A small-molecule IRF3 agonist functions as an influenza vaccine adjuvant by modulating the antiviral immune response

  • Vaccine. 2017 Apr 4;35(15):1964-1971. doi: 10.1016/j.vaccine.2017.01.053.
Peter Probst 1 John B Grigg 1 Myra Wang 1 Ernesto Muñoz 1 Yueh-Ming Loo 2 Renee C Ireton 2 Michael Gale Jr 2 Shawn P Iadonato 1 Kristin M Bedard 3
Affiliations

Affiliations

  • 1 Kineta, Inc., 219 Terry Ave. N., Seattle, WA 98109, USA.
  • 2 Department of Immunology, University of Washington, Seattle, WA 98195, USA; Center for Innate Immunity and Immune Disease, University of Washington, Seattle, WA 98195, USA.
  • 3 Kineta, Inc., 219 Terry Ave. N., Seattle, WA 98109, USA. Electronic address: kbedard@kineta.us.
Abstract

Vaccine adjuvants are essential to drive a protective immune response in cases where vaccine antigens are weakly immunogenic, where vaccine antigen is limited, or where an increase in potency is needed for a specific population, such as the elderly. To discover novel vaccine adjuvants, we used a high-throughput screen (HTS) designed to identify small-molecule agonists of the RIG-I-like Receptor (RLR) pathway leading to interferon regulatory factor 3 (IRF3) activation. RLRs are a group of cytosolic pattern-recognition receptors that are essential for the recognition of viral nucleic acids during Infection. Upon binding of viral nucleic acid ligands, the RLRs become activated and signal to transcription factors, including IRF3, to initiate an innate immune transcriptional program to control virus Infection. Among our HTS hits were a series of benzothiazole compounds from which we designed the lead analog, KIN1148. KIN1148 induced dose-dependent IRF3 nuclear translocation and specific activation of IRF3-responsive promoters. Prime-boost immunization of mice with a suboptimal dose of a monovalent pandemic influenza split virus H1N1 A/California/07/2009 vaccine plus KIN1148 protected against a lethal challenge with mouse-adapted Influenza Virus (A/California/04/2009) and induced an influenza virus-specific IL-10 and Th2 response by T cells derived from lung and lung-draining lymph nodes. Prime-boost immunization with vaccine plus KIN1148, but not prime immunization alone, induced Antibodies capable of inhibiting Influenza Virus hemagglutinin and neutralizing viral infectivity. Nevertheless, a single immunization with vaccine plus KIN1148 provided increased protection over vaccine alone and reduced viral load in the lungs after challenge.
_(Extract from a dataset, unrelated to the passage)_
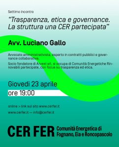 Trasparenza, etica e governance di una CER partecipata.
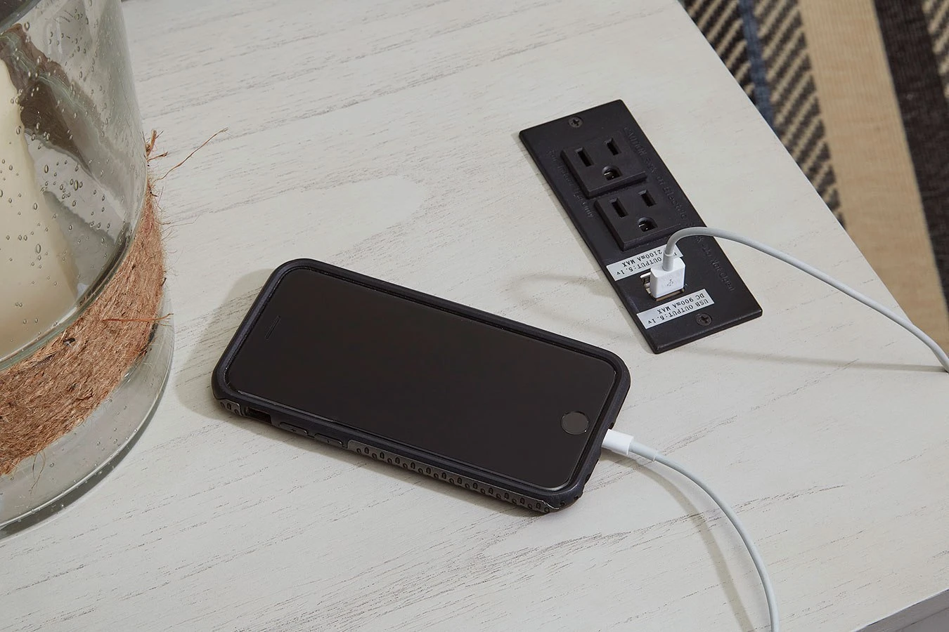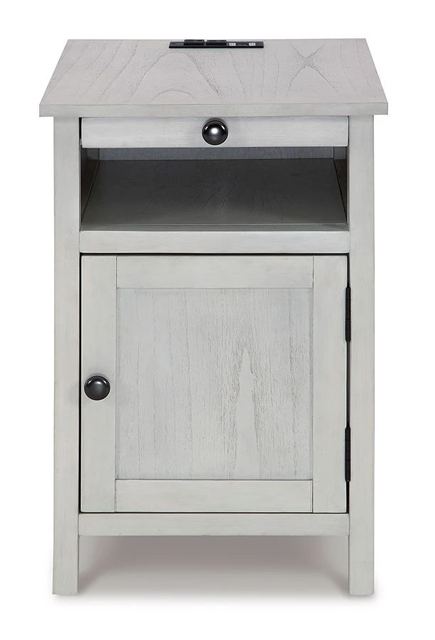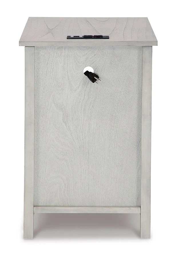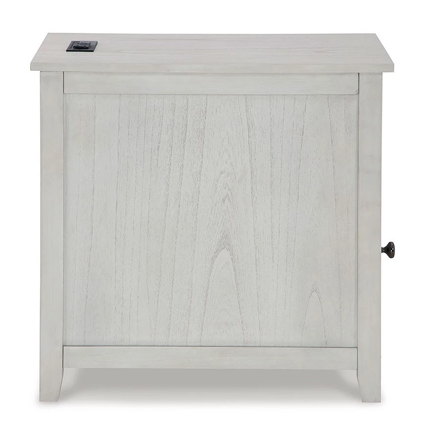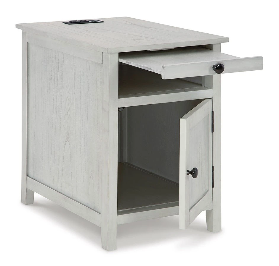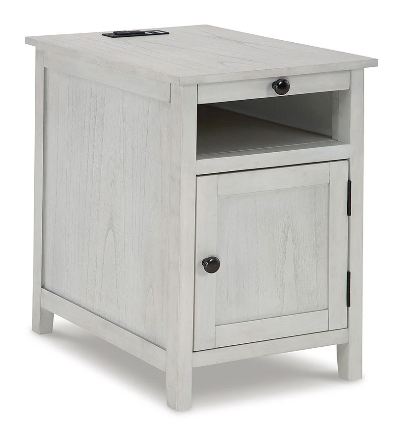 - OverviewAdd big character to a small space with this Treytown Chairside End Table by Signature Design. With its compact size and strong silhouette, it can go anywhere and blend easily into the decor. Less is so much more with the Shaker-inspired design and whitewashed wood grain finish. Loaded with form and function, this end table displays accent pieces and stores essentials securely while keeping devices powered up.

These findings suggest that protection was at least partially mediated by a cellular immune component and that the induction of Th2 and immunoregulatory cytokines by a KIN1148-adjuvanted vaccine may be particularly beneficial for ameliorating the immunopathogenesis that is associated with influenza viruses.

Keywords

Adjuvant; IRF3; Influenza; Vaccine.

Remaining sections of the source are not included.